Cour Administrative d'Appel de Nantes — Décision N° CAA44-24NT03229

mardi 10 février 2026

JuridictionCour Administrative d'Appel de Nantes
SectionCour Administrative d'Appel de Nantes
N° DossierCAA44-24NT03229
TypeDécision
Recoursexcès de pouvoir
Formation6ème chambre
Avocat requérantSCP HARDY

Texte intégral

Vu la procédure suivante :

Procédure contentieuse antérieure :

Mme B... C..., agissant en qualité de représentante légale de la jeune A... D... a demandé au tribunal administratif de Nantes d’annuler la décision implicite, née le 8 mai 2023, par laquelle la commission de recours contre les décisions de refus de visa d'entrée en France a rejeté le recours contre la décision du 20 mars 2023 de l’autorité consulaire française à Casablanca (Maroc) refusant de délivrer à A... D... un visa de long séjour, ainsi que cette décision consulaire, ensuite, d’enjoindre au ministre de l’intérieur et des outre-mer de délivrer le visa sollicité, sous astreinte de 150 euros par jour de retard dès la notification du jugement à intervenir, enfin de mettre à la charge de l’Etat une somme de 1 500 euros au titre de l’article L. 761-1 du code de justice administrative.

Par un jugement n° 2309969 du 3 juin 2024, le tribunal administratif de Nantes a rejeté la demande.

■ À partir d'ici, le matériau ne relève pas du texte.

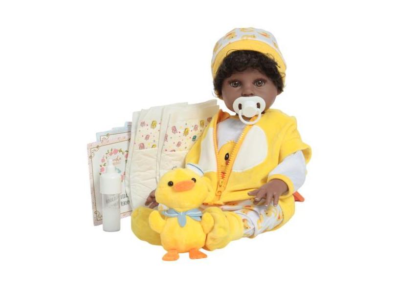 Boneco Reborn Bebê Menino Negro Roupa Patinho + Acessórios - Cegonha R

Procédure devant la cour :

Par une requête enregistrée le 19 novembre 2024, Mmes A... D... et B... C..., représentées par Me Hardy, demandent à la cour :

1°) d’annuler ce jugement du tribunal administratif de Nantes du 3 juin 2024 ;

2°) d’annuler la décision implicite, née le 8 mai 2023, de la commission de recours contre les décisions de refus de visa d'entrée en France rejetant le recours contre la décision du 20 mars 2023 de l’autorité consulaire française à Casablanca (Maroc) refusant de délivrer à A... D... un visa de long séjour, et d’autre part, cette décision consulaire ;

3°) d’enjoindre au ministre de l’intérieur de délivrer le visa sollicité, sous astreinte de 50 euros par jour de retard à compter de la notification de la présente décision ;

4°) de mettre à la charge de l’Etat le versement à Mme D... de la somme de 1 500 euros au titre des dispositions des articles L. 761-1 du code de justice administrative.

Elle soutient que :

- alors qu’elle n’avait que 15 ans, elle a perdu sa mère avec laquelle elle vivait exclusivement, qu’elle souhaite désormais vivre avec sa grand-mère maternelle dont elle très proche et encore plus depuis la disparition de sa mère ; son père a d’ailleurs fait dresser un acte notarié de délégation d’autorité parentale au profit de Mme C... ; cette dernière s’engage à subvenir aux besoins de sa petite-fille et a produit ses preuves de revenus et de justificatif de loyer ; elle souhaite poursuivre ses études en France ;
- la demande a été formulée en vertu de l’article L.423-23 du Code de l’entrée et du séjour des étrangers et du droit d’asile ;
- elle méconnaît les stipulations des articles 3 et 8 de la convention européenne de sauvegarde des droits de l’homme et des libertés fondamentales et la convention internationale des droits de l’enfant.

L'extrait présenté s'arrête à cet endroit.